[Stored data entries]
────────────────

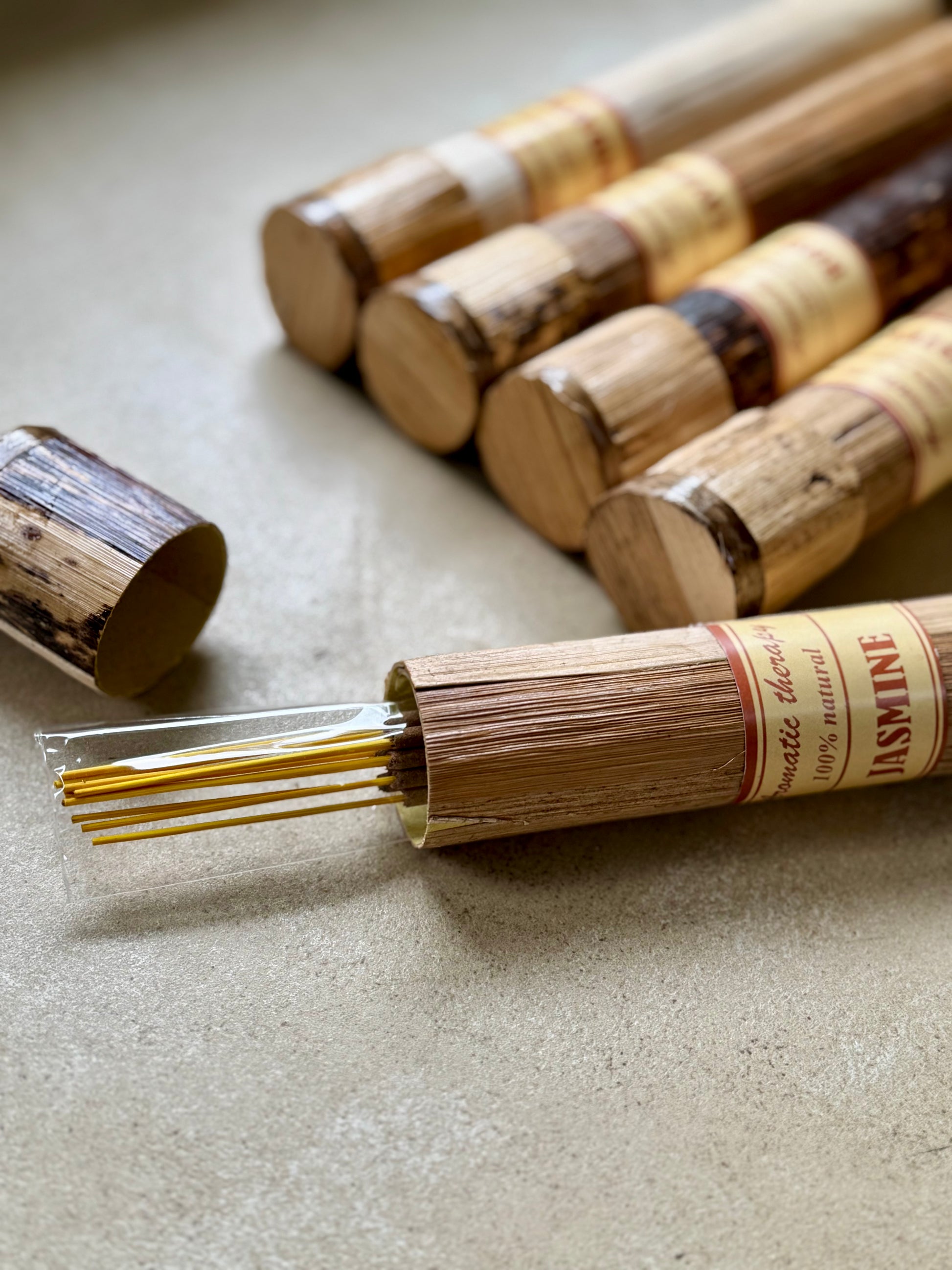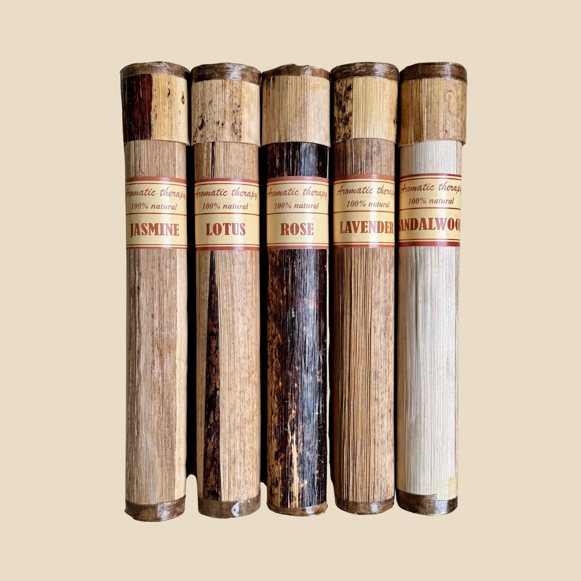 De set bevat 50 wierookstokjes, verdeeld over 5 handgemaakte kokers van bananenblad met 10 stuks van iedere geur: Sandalwood, Lavender, Rose, Lotus en Jasmine.
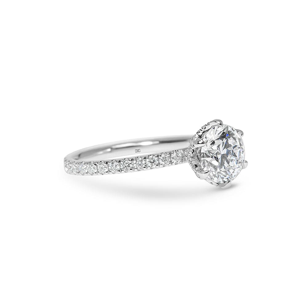 Diamond Encrusted Lotus Basket Round Brilliant Cut Diamond Engagement Ring, featuring a Diamond Basket and Sidestones. The central round diamond is cradled in a beautifully crafted diamond basket, surrounded by sparkling eternity sidestones, creating a dazzling display of contemporary elegance.
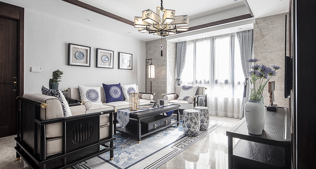 青特星城142㎡三室兩廳客廳新中式風(fēng)格裝修案例效果圖
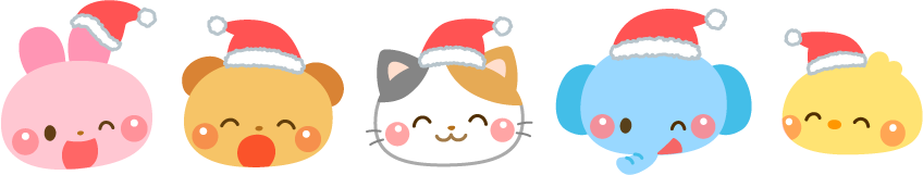 帽子 サンタクロース ねこ ネコ 猫 ひよこ ヒヨコ とり トリ 鳥 ぞう ゾウ 象 くま クマ 熊 うさぎ ウサギ 兎 保育園 幼稚園 こども園 園だより えんだより クリスマス Christmas Xmas 冬フレーム 動物
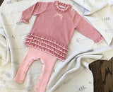 Your little girl will look adorable in this ruffled dress complete leggings attached.
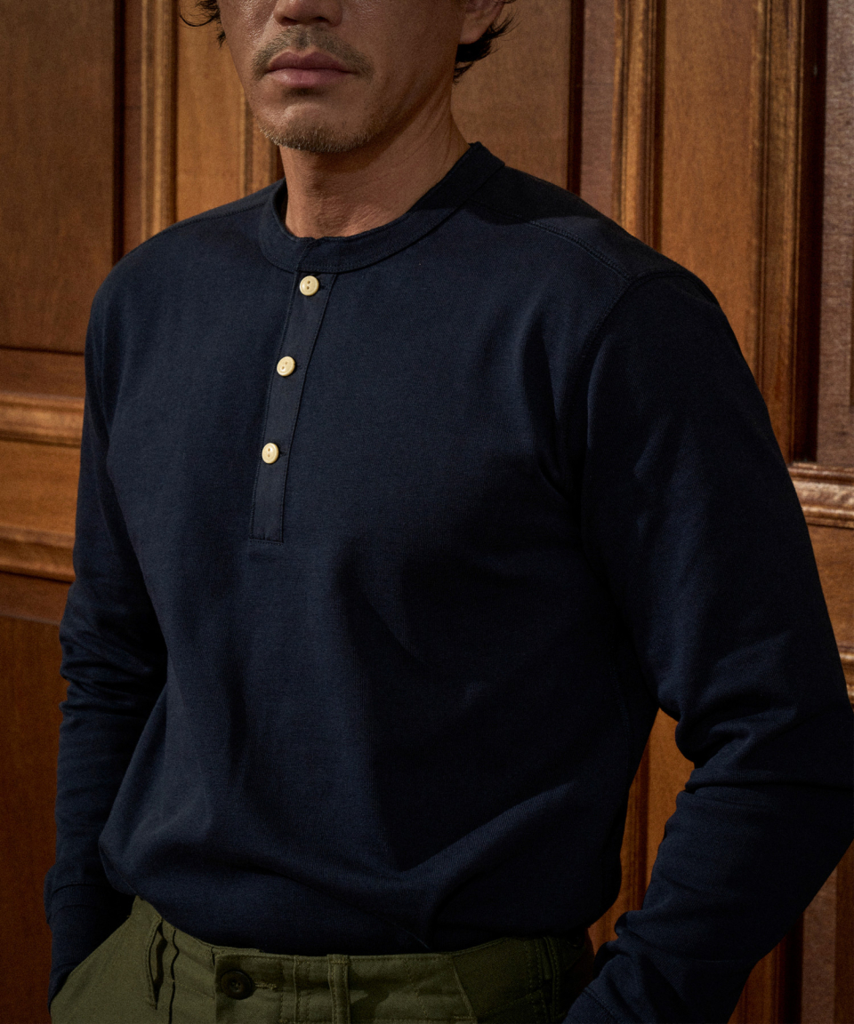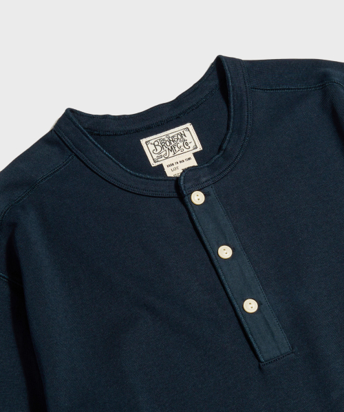 Vintage Long Sleeve Henley Shirt Navy
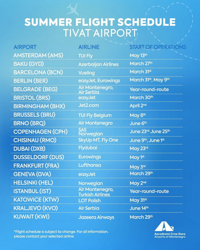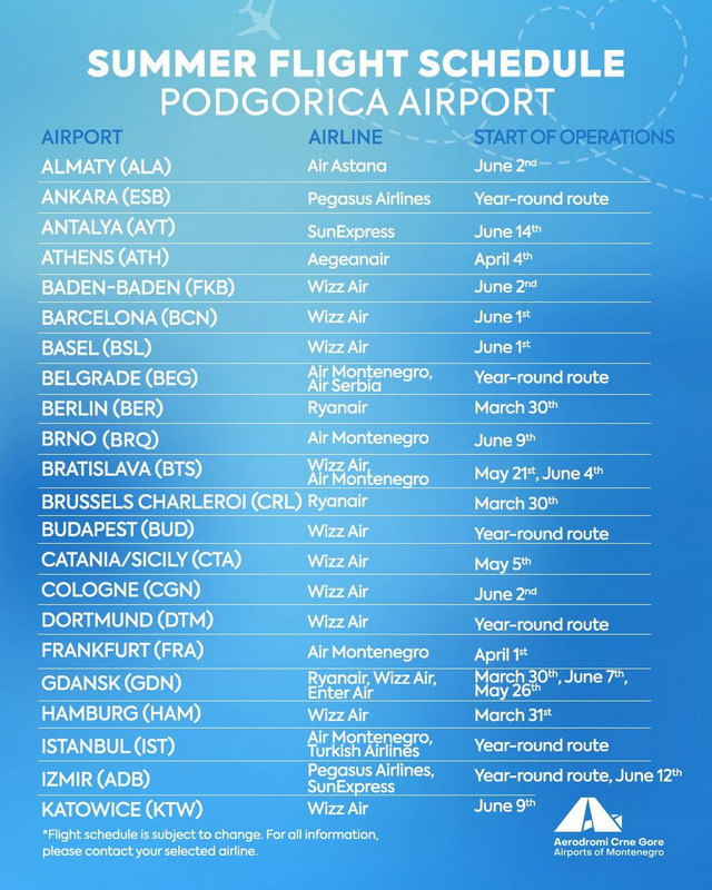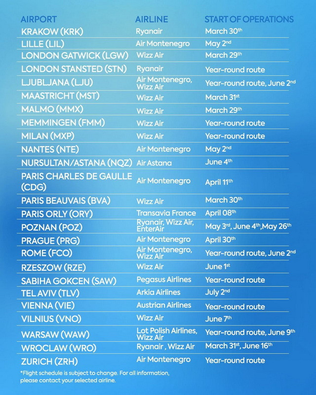 Both Podgorica Airport (TGD) and Tivat Airport (TIV) will offer a mix of year-round and seasonal flights, including many new low-cost routes and several new airline entries.
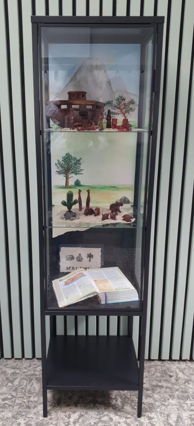 Op dit moment wordt de laatste hand gelegd aan de 'finishing touch' van de Kompashal. Het middelste deel van het drieluik heeft inmiddels een plek gekregen in de hal en bij de lattenwand staat een vitrinekast met daarin een prachtige voorstelling van de Ark van Noach in houtsnijwerk. Het past helemaal bij de beide schilderijen die er hangen!
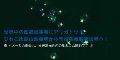 NWWAアリガトウプロジェクトでは、『ルミナスナイトバルーンで、まちが、夜空が、エココロ(笑心)いっぱい de アリガトウ!』をコンセプトに、世界の平和と人々の安寧も祈念して、びわこ比叡山延暦寺から幻想的なブルーの蓄光を発するルミナスナイトバルーン(青灯のルミエム風船)に祈りを込め夜空に舞い上がることで、世界中の医療従事者の人たちに感謝とエールが届くと願っております。
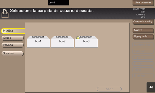 El usuario puede almacenar documentos en la carpeta de usuario. Asimismo, puede imprimir un archivo de la carpeta de usuario o enviar un archivo a otro usuario.
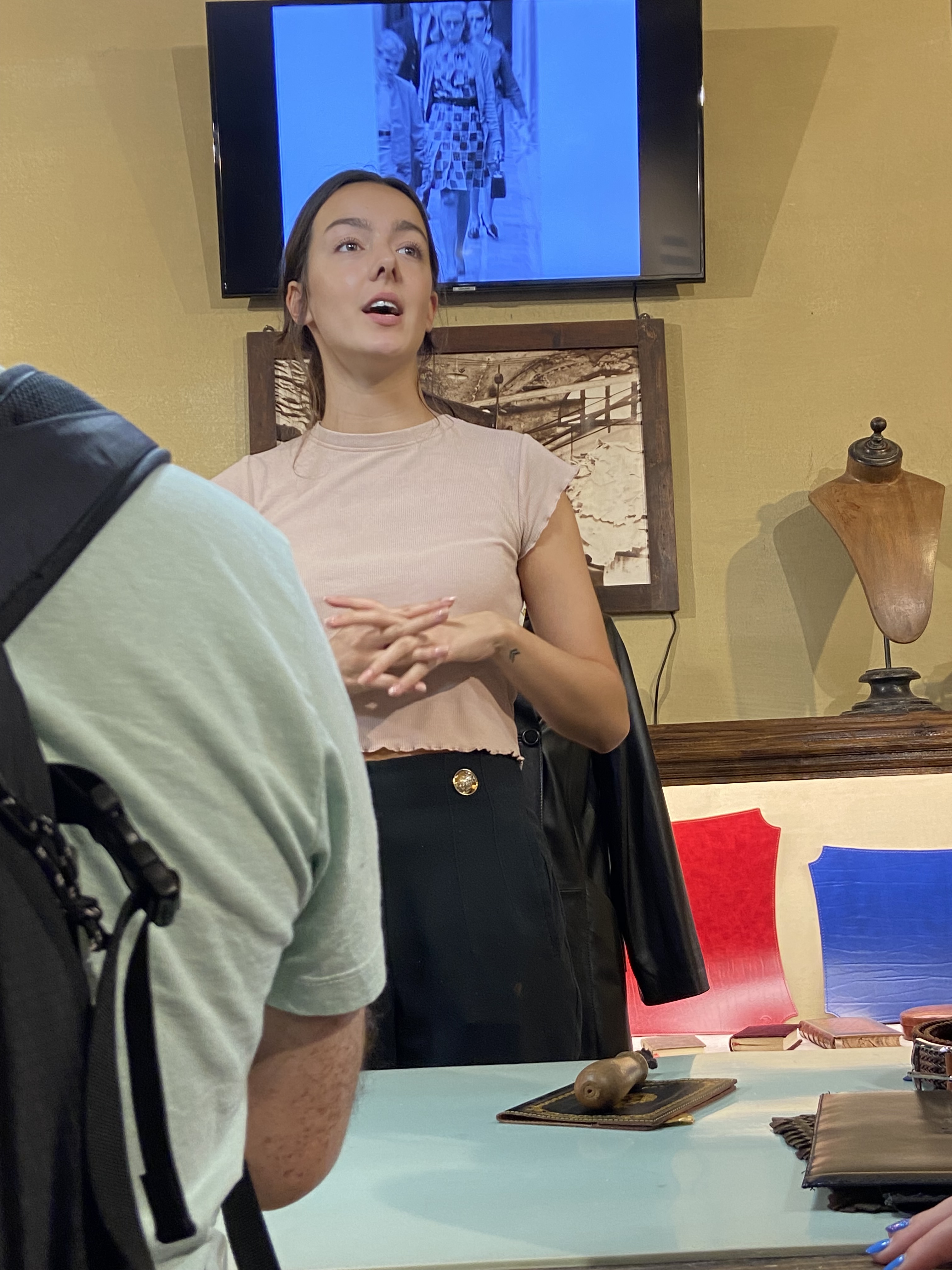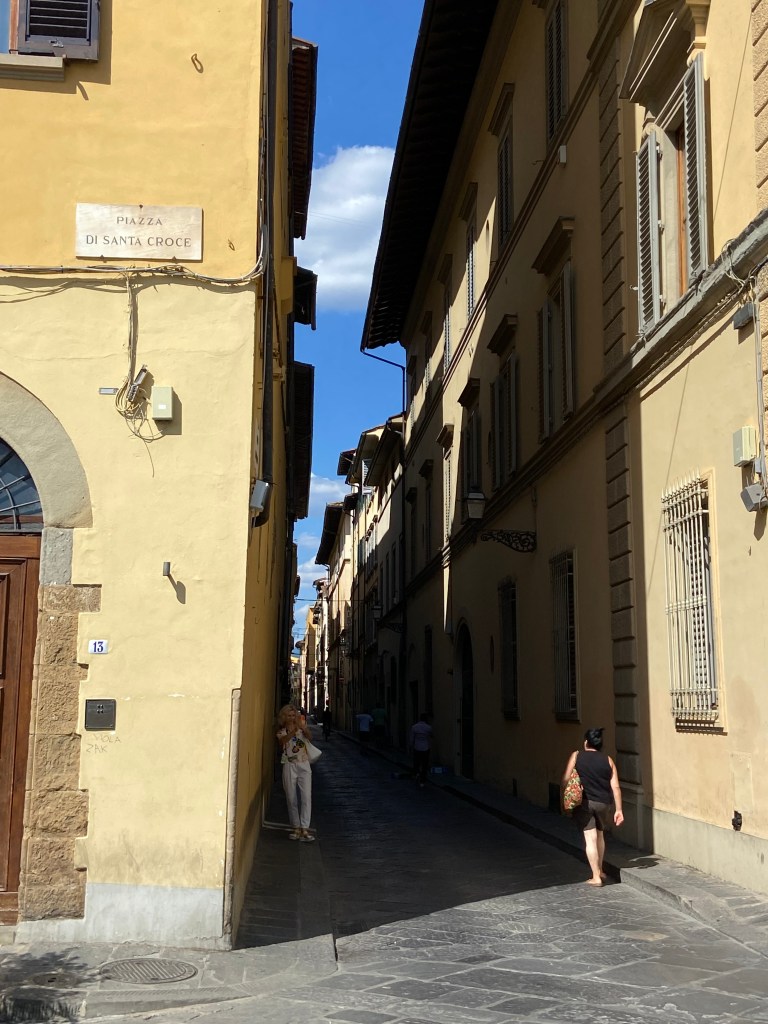 When we arrived in Florence, it was another 20-25 minute walk to/from the bus to the primary spot where we were left to explore on our own. But, as I said earlier, a few of us had the pleasure of being taken from the bus by taxi…..we were dropped off at the Michelangelo Florentine Leather Shop where we’d meet up with the others.
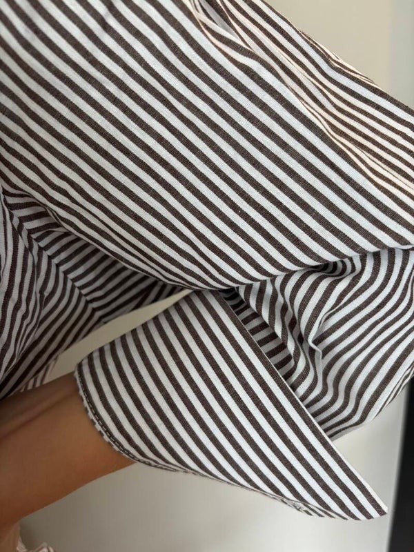 Deze streepjes blouse is te dragen tot een maat XL.
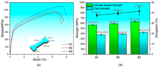 (a) Stress–strain curves and (b) tensile strengths of specimens under different compositional gradients.
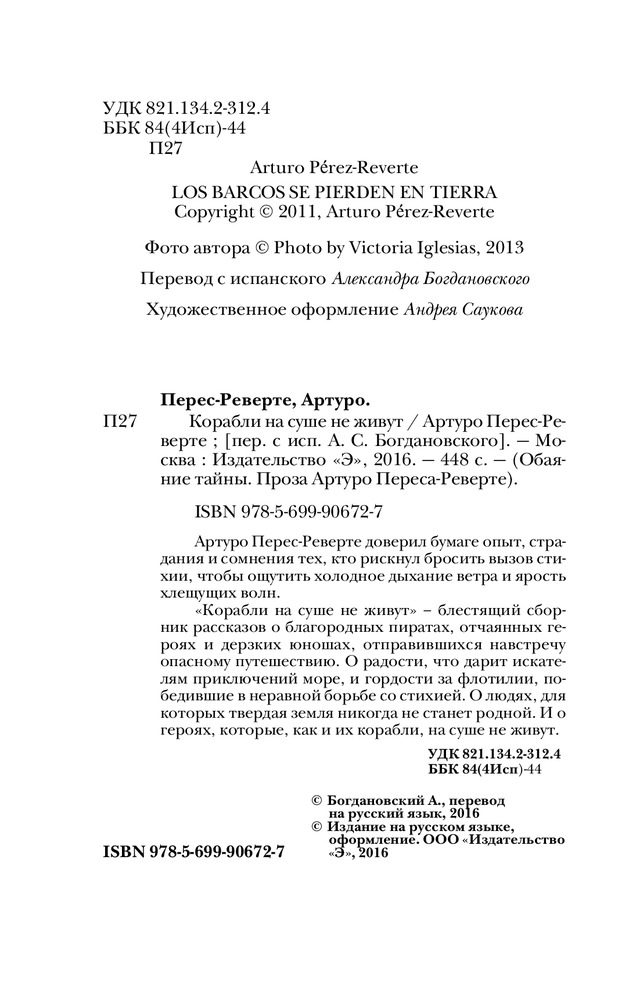 Корабли на суше не живутВ данный момент этот товар отсутствует в продаже. Возможно, у нас найдется аналогичный или похожий товар здесь. Серия: Обаяние тайны. Проза А.Переса-Реверте (обложка) Артуро Перес-Реверте доверил бумаге опыт, страдания и сомнения тех, кто рискнул бросить вызов стихии, чтобы ощутить холодное дыхание ветра и ярость хлещущих волн. |
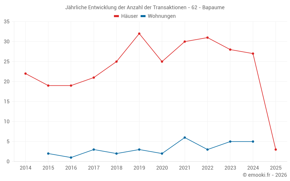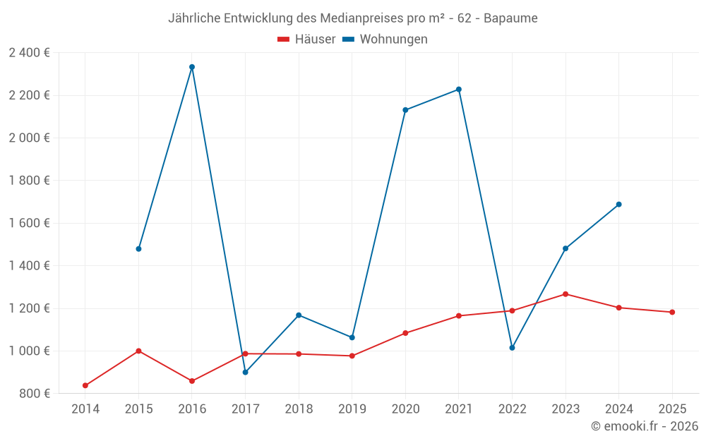 Der Durchschnittspreis auf den 17 Hausgeschäften der letzten 12 Monate in der Gemeinde Bapaume betrug 1 184 € pro Quadratmeter für einen mittleren Immobilienwert von 104 400 €. Über diesen Zeitraum hinweg lagen 60% der Transaktionen zwischen 938 und 1 736 € pro Quadratmeter (vom 2. bis zum 8. Dezil).

────────────────

▶ PROBLEM STATEMENT:
The full data, repeated exactly and stripped of its pictures, is the expected answer.

▶ THE COMPLETED TASK:
 De set bevat 50 wierookstokjes, verdeeld over 5 handgemaakte kokers van bananenblad met 10 stuks van iedere geur: Sandalwood, Lavender, Rose, Lotus en Jasmine.
 Diamond Encrusted Lotus Basket Round Brilliant Cut Diamond Engagement Ring, featuring a Diamond Basket and Sidestones. The central round diamond is cradled in a beautifully crafted diamond basket, surrounded by sparkling eternity sidestones, creating a dazzling display of contemporary elegance.
 青特星城142㎡三室兩廳客廳新中式風(fēng)格裝修案例效果圖
 帽子 サンタクロース ねこ ネコ 猫 ひよこ ヒヨコ とり トリ 鳥 ぞう ゾウ 象 くま クマ 熊 うさぎ ウサギ 兎 保育園 幼稚園 こども園 園だより えんだより クリスマス Christmas Xmas 冬フレーム 動物
 Your little girl will look adorable in this ruffled dress complete leggings attached.
 Vintage Long Sleeve Henley Shirt Navy
 Both Podgorica Airport (TGD) and Tivat Airport (TIV) will offer a mix of year-round and seasonal flights, including many new low-cost routes and several new airline entries.
 Op dit moment wordt de laatste hand gelegd aan de 'finishing touch' van de Kompashal. Het middelste deel van het drieluik heeft inmiddels een plek gekregen in de hal en bij de lattenwand staat een vitrinekast met daarin een prachtige voorstelling van de Ark van Noach in houtsnijwerk. Het past helemaal bij de beide schilderijen die er hangen!
 NWWAアリガトウプロジェクトでは、『ルミナスナイトバルーンで、まちが、夜空が、エココロ(笑心)いっぱい de アリガトウ!』をコンセプトに、世界の平和と人々の安寧も祈念して、びわこ比叡山延暦寺から幻想的なブルーの蓄光を発するルミナスナイトバルーン(青灯のルミエム風船)に祈りを込め夜空に舞い上がることで、世界中の医療従事者の人たちに感謝とエールが届くと願っております。
 El usuario puede almacenar documentos en la carpeta de usuario. Asimismo, puede imprimir un archivo de la carpeta de usuario o enviar un archivo a otro usuario.
 When we arrived in Florence, it was another 20-25 minute walk to/from the bus to the primary spot where we were left to explore on our own. But, as I said earlier, a few of us had the pleasure of being taken from the bus by taxi…..we were dropped off at the Michelangelo Florentine Leather Shop where we’d meet up with the others.
 Deze streepjes blouse is te dragen tot een maat XL.
 (a) Stress–strain curves and (b) tensile strengths of specimens under different compositional gradients.
 Корабли на суше не живутВ данный момент этот товар отсутствует в продаже. Возможно, у нас найдется аналогичный или похожий товар здесь. Серия: Обаяние тайны. Проза А.Переса-Реверте (обложка) Артуро Перес-Реверте доверил бумаге опыт, страдания и сомнения тех, кто рискнул бросить вызов стихии, чтобы ощутить холодное дыхание ветра и ярость хлещущих волн. |
 Der Durchschnittspreis auf den 17 Hausgeschäften der letzten 12 Monate in der Gemeinde Bapaume betrug 1 184 € pro Quadratmeter für einen mittleren Immobilienwert von 104 400 €. Über diesen Zeitraum hinweg lagen 60% der Transaktionen zwischen 938 und 1 736 € pro Quadratmeter (vom 2. bis zum 8. Dezil).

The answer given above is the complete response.